Bedouin leader Abed Tarabin, 43, lives with his wife and 13 children in an authorized village called after his family name, and his tribe - Tarabin. His tribe of 3,000 people were paid 38,000 euros per family to move from Omer, near Beer Sheva, to a new settlement in an isolated area nine years ago.

village Copyright: Kate Shuttleworth,

The village of Tarabin is still under construction - nine years after authorization was given

The land is connected to electricity, water and sewerage, but the compensatory money had to cover the construction of houses. The land allocated in the new settlement was disproportionate to what they had originally in Omer, said Tarabin.

Previously the residents were able to travel from Omer to Beer Sheva to work, now the cost of transport was prohibitive due to the distance.

"Today people have no education and no work, they are unemployed. I want all the children in this village to gain an education and go to work, in whatever field. If you're going to change a person's life you have to give them possibilities, so before the state goes into lots of industrial parks they need to invest in education."

Tarabin said Israel had not supported the construction of schools in the village so he had taken the matter to court and a high school and primary school had since been built.

When DW asked what his advice was for Bedouins living in unrecognized villages in a state of limbo waiting to see whether the state will recognize their villages or not and whether they will be forcibly removed, he said:

"It is a mistake to take a person from the life he used to lead and put him in the city where he has no connection to the life he used to lead."

Creating jobs?

Part of the government's Prawer-Begin initiative included a 250-million-euro plan that has already been signed to create employment and education opportunities for the Bedouin people in the Negev.

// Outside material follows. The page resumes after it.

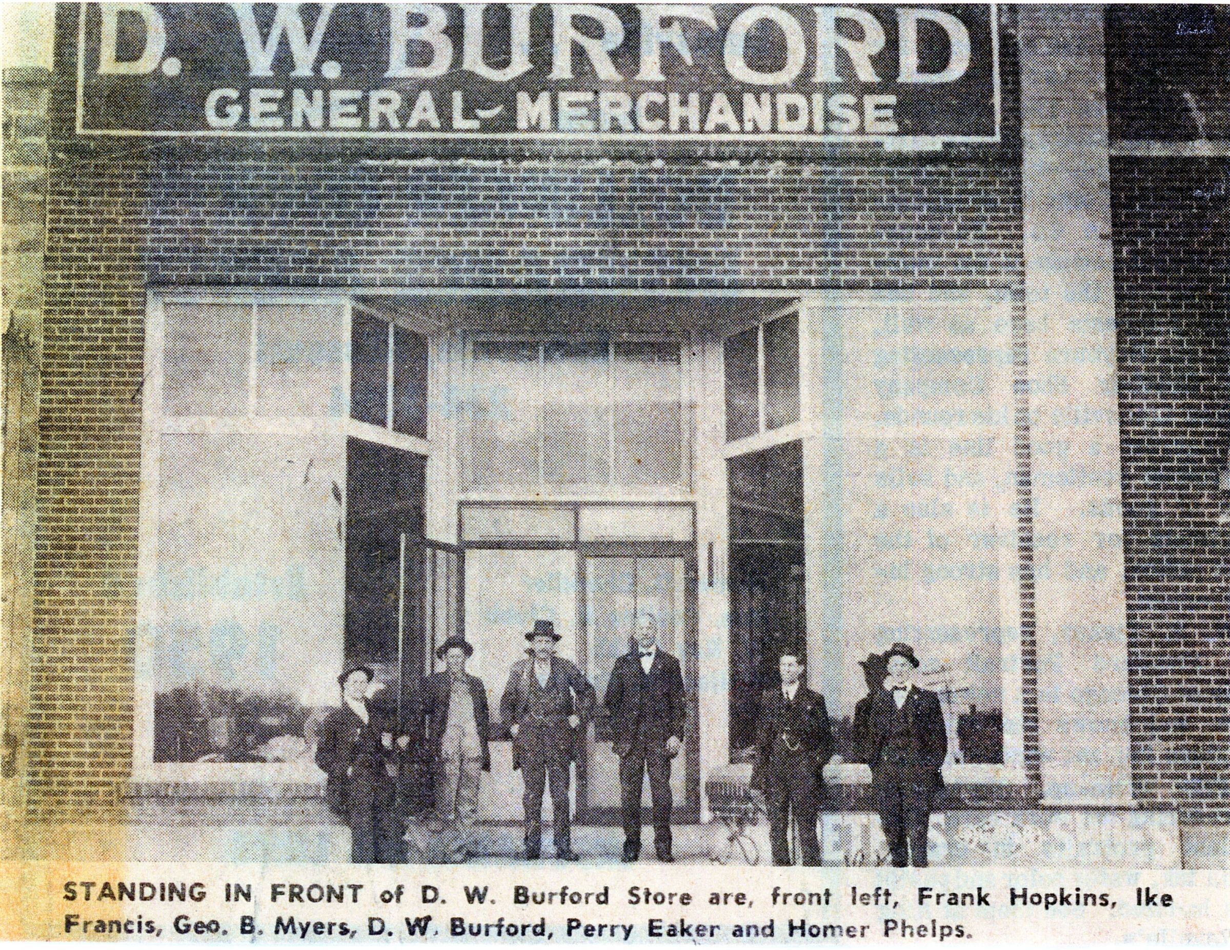 Frank Hopkins, “Drummer“ (salesman), Ike Francis, George B. Myers, D. W. Burford (owner), Perry Eaker and Homer Phelps at D. W. Burford’s Store on First Street.Photograph Details
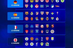 欧冠改制后五大联赛参赛排行:德甲15队居首,英超、意甲11队最少

youth making coffee Copyright: Kate Shuttleworth,

Unemployment and a lack of education are the main problems

Within eyeshot of Rahat, Israel's largest Bedouin city of 60,000 people, is the construction site of Idan Hanegev, which is set to be Israel's largest industrial zone with 170 factories employing thousands of Bedouins. Abed Tarabin says the industrial park would not solve the skyrocketing unemployment rates of Bedouins, however Fadi Msamra, general director of the Bedouin Council of Unrecognized Villages who lives in Rahat, thinks the industrial zone will benefit the Bedouins in Rahat.

Onn the northern outskirts of Rahat is Um Namaileh, a village that Israel does not recognize because it was built without a permit.

Resident Jalal Ziadneh has to carry his severely disabled son two kilometers down an unsealed access road each day to meet a shuttle on state highway 40 that takes him to school in Rahat.

"If I have two options to give up my land or stay in the same conditions I have now I would stay in the same conditions I have now," he told DW.

Ziadneh's stance on life in Um Namaileh is stark, given the village has no electricity, sewerage, medical services or schools for its 1,200 residents. Ziadneh said 25 years ago the community had 20,000 sheep, today they only had 4,000.

"The state is giving us a hard time as a sheep owner to keep herding them and owning them, you can't hold sheep in a closed space like this," he said.